CRISTINA BERTOLINI
Cronaca

Luce sul Duomo. Un Dizionario per sfatare le false leggende

Presentato ieri l’ultimo studio dopo 30 anni . Un vocabolario con 250 lemmi e 380 immagini.

Luce sul Duomo. Un Dizionario per sfatare le false leggende

Luce sul Duomo. Un Dizionario per sfatare le false leggende

Il Duomo, la facciata, i suoi affreschi, il tesoro e poi la gerarchia ecclesiastica e i falsi miti. È tutto racchiuso nella pubblicazione “Le parole del Duomo. Dizionario“, un vero e proprio vocabolario con 250 lemmi e 380 immagini che compongono il volume, pubblicato per volere della Fondazione Gaiani, per ripercorrere la storia del Duomo dal VI secolo all’età contemporanea. È stato presentato ieri, alla Sala del Granaio in un incontro promosso dall’ordine dei Medici chirurghi e degli Odontoiatri della Provincia MB.
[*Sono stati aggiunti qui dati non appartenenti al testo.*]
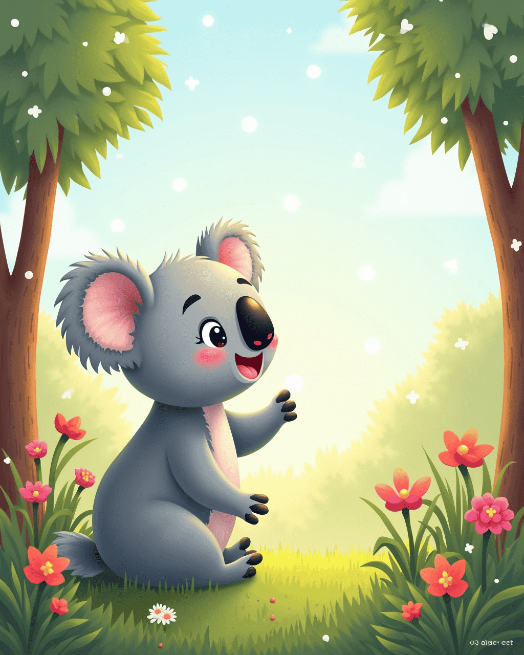 Kiki, the curious koala, lives in a sunny eucalyptus forest. One bright morning, she wakes up to hear a soft, muffled sound outside. She steps outside and sees tiny white flakes dancing in the air. The flakes feel cool and magical as they float down on her fluffy ears. Kiki’s heart jumps with excitement because she has never seen snow before.
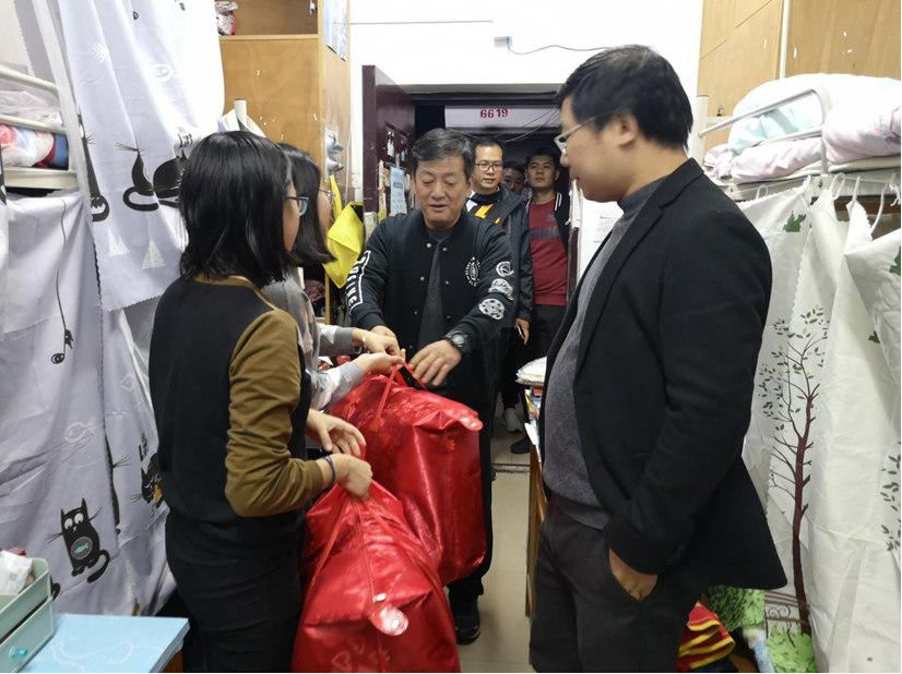 学院领导和老师一行先后走访巡查教辅6栋、7栋、8栋学院学生宿舍,查看宿舍设施是否存在安全隐患,重点对宿舍用水、用电、卫生、安全等情况进行了巡查和现场指导。学院领导一行查看和慰问了部分家庭经济困难学生的学习和生活情况,并为家庭经济困难学生送上爱心棉被。领导们与同学们亲切交流并嘱咐同学们要和睦相处、相互帮助,养成良好的生活习惯,积极营造健康的宿舍文化;要合理规划好大学生活,积极参与各类集体活动,关心关注学院发展。整个走访过程,热情的话语,亲切的问候,处处充满了关怀和温暖。
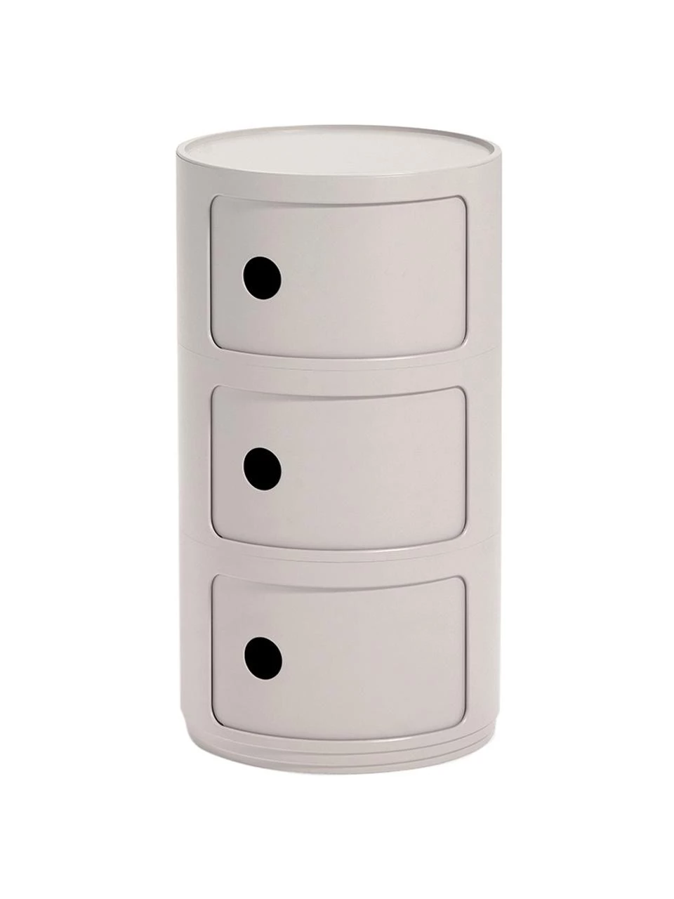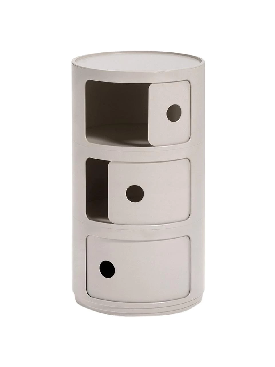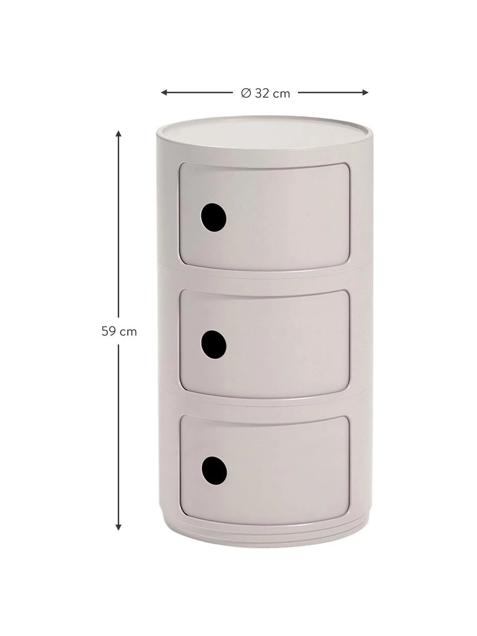 Container bestehend aus 3 runden Aufbewahrungsfächern inklusive Schiebetüren

In cattedra i direttori scientifici-curatori editoriali del progetto. Il professor Renato Mambretti dell’Università Cattolica di Milano, ha curato l’aspetto storico del Duomo e dei personaggi che lo abitavano: canonici presbiteri, diaconi, subdiaconi, decumani, custodi e arcipreti. Il dottor Giustino Pasciuti, già direttore della Biblioteca civica di Monza, si è occupato della Biblioteca capitolare e degli studiosi: Frisi, Burocco, Aguilhon, Varisco. Il professor Roberto Cassanelli, docente nella Scuola di specializzazione in beni storico-artistici dell’Università Cattolica, ha approfondito l’aspetto artistico. "Sono partito dai macro temi architettura, pittura, scultura e arti minori – racconta Cassanelli – costruendo una prima struttura di voci biografiche, all’interno delle quali ho approfondito i temi trasversali e così i miei colleghi. Da ormai 30 anni non esistevano opere complessive sulla storia del Duomo, secondo le più moderne richerche. Perciò abbiamo voluto fare il punto sulla storia critica, col supporto di oltre 40 specialisti". Il professor Cassanelli nel Dizionario si addentra in temi spinosi che hanno diviso i critici nei decenni: "La Corona Ferrea – sottolinea – è una corona votiva, quindi non fatta per essere indossata, di formato ridotto e il chiodo è un elemento di contenimento. La sacralità è stata abilmente costruita dai Visconti, per accreditarsi con l’imperatore Carlo lV, ricercatore devoto di reliquie della Croce, recuperando la tradizione imperiale del XII secolo e quella ambrosiana che parla dei chiodi della croce di Cristo". Allo stesso modo, la torre longobarda non è longobarda e non è una torre, ma il primo campanile del Duomo, di età carolingia, tra la cappella di Teodolinda e le sacrestie.

Curiosa anche l’origine delle 16 ampolle del tesoro, reliquie ambientali, recanti l’olio delle catacombe dei martiri di Roma e Gerusalemme. Argomenti sviluppati dalle ricerche dagli anni ‘90 ad oggi, che già fanno discutere.